And it's not just kids or young people, I surprised two little old ladies with a shovel one day as I stepped from the tree line and it was like the Keystone Cops as they ran off. This was so funny that if I could have caught them I would have dug up the Red Bud tree for them. Or the time I heard a chain saw and found a man and his son cutting wood on our property. Can I really blame the kids if these people are their examples?


----------



## NaeKid (Oct 17, 2008)

longtime said:


> Thanks to all for your concerns. It has been two years now and within the next 6 months we should be as close to back to normal as we can get.
> 
> One thing that I have noticed is how much our private property is considered as public. We retired shortly after the fire and have been rebuilding ever since. Our property has always had a very uninviting driveway (all our vehicles are high clearance) and many no trespassing signs (you can't see any of our structures from the road either). While working we have had sports cars with no clearance come speeding down our drive to kids on 4-wheelers. None stop to talk, they see us and hit the brakes make a quick exit. I assume these are the type of people that burned us down. Some of them that we have blocked in when we are coming home just get irate and threaten to call the police (the deputy says he would love that call). We tell them they are free to go, but our car is not moving until we check out our property, none understand.
> 
> And it's not just kids or young people, I surprised two little old ladies with a shovel one day as I stepped from the tree line and it was like the Keystone Cops as they ran off. This was so funny that if I could have caught them I would have dug up the Red Bud tree for them. Or the time I heard a chain saw and found a man and his son cutting wood on our property. Can I really blame the kids if these people are their examples?


Is it possible for you to dig a deep trench around your property-line making it difficult to cross, then weld-up a "draw-bridge" for access to your house. The draw-bridge could be "remote-controlled" via wireless winch-controller and a winch to pull the bridge up when you leave.


----------



## longtime (Nov 22, 2009)

No, I just think it is amusing any more. 
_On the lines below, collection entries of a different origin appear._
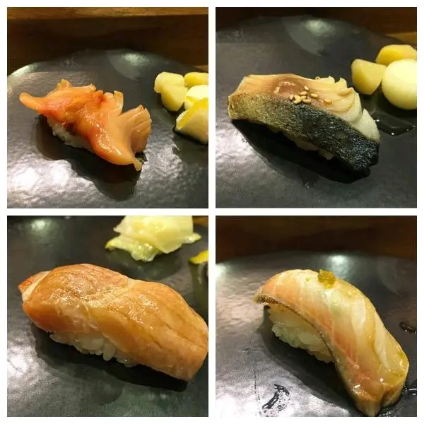 赤貝,鯖魚,章紅魚和大吞拿壽司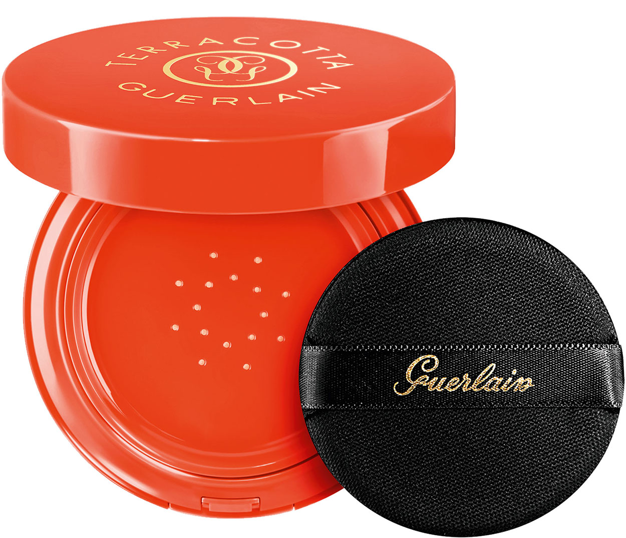 Terracotta Cushion SPF 20, Guerlain, υγρό foundation σε μορφή cushion, για απαλό μαύρισμα, ενισχύει την ακτινοβολία της επιδερμίδας, ενώ προσφέρει και αντηλιακή προστασία.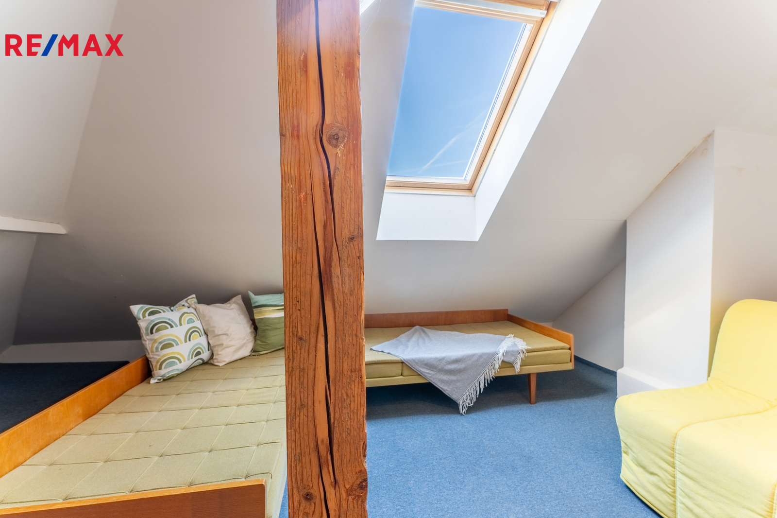 - samostatný podkrovní pokoj (15,5 m²) s přístupem na půdu

When I get a refrigerator or freezer dropped in my driveway I just take it to be recycled and get my $15.00. People are stupid!


----------



## Vertigo (Aug 6, 2009)

NaeKid said:


> Is it possible for you to dig a deep trench around your property-line making it difficult to cross, then weld-up a "draw-bridge" for access to your house. The draw-bridge could be "remote-controlled" via wireless winch-controller and a winch to pull the bridge up when you leave.
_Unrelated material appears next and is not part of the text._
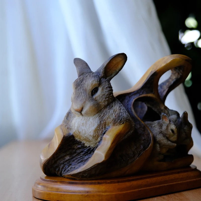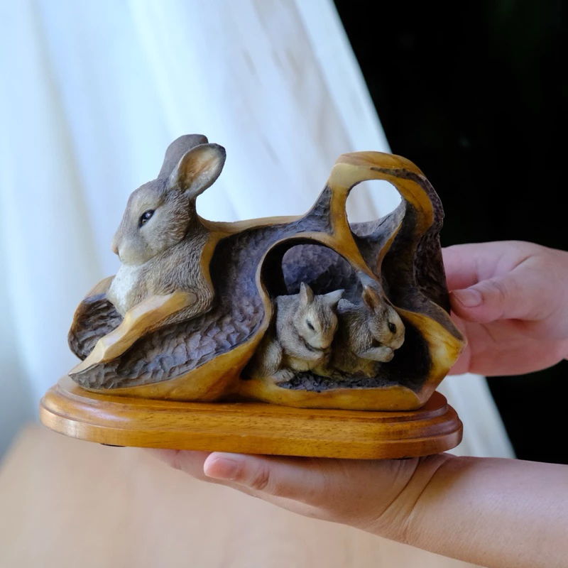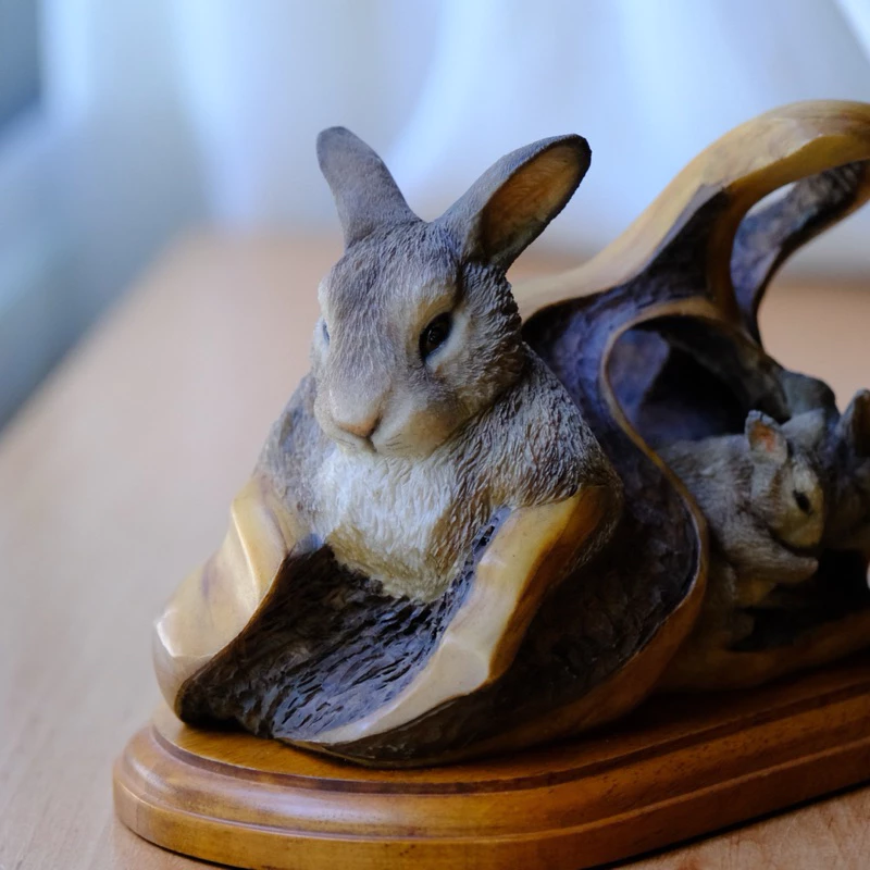 งานศิลปะปั้นรูปครอบครัวกระต่ายแสนน่ารัก จากศิลปิน Hajny เอกลักษณ์เฉพาะตัว วัสดุเรซิ่น

You are joking right? right? :2thumb:

V.


----------



## allen_idaho (Oct 21, 2009)

That is one of the problems with living in the country. 

I've had drunken hunters accidentally shoot two of my horses, 

I've had bad drivers crash into my fence and take off without bothering to tell me so I find my cattle wandering out on the road. 

I've had hunters cut my fencing just so they didn't have to crawl through. 

There was one major fire where my neighbor decided to almost burn down my barn and all of my hay for the winter while he was burning brush that got out of control. Luckily I have a powerful pump and a water cannon I use for irrigation. 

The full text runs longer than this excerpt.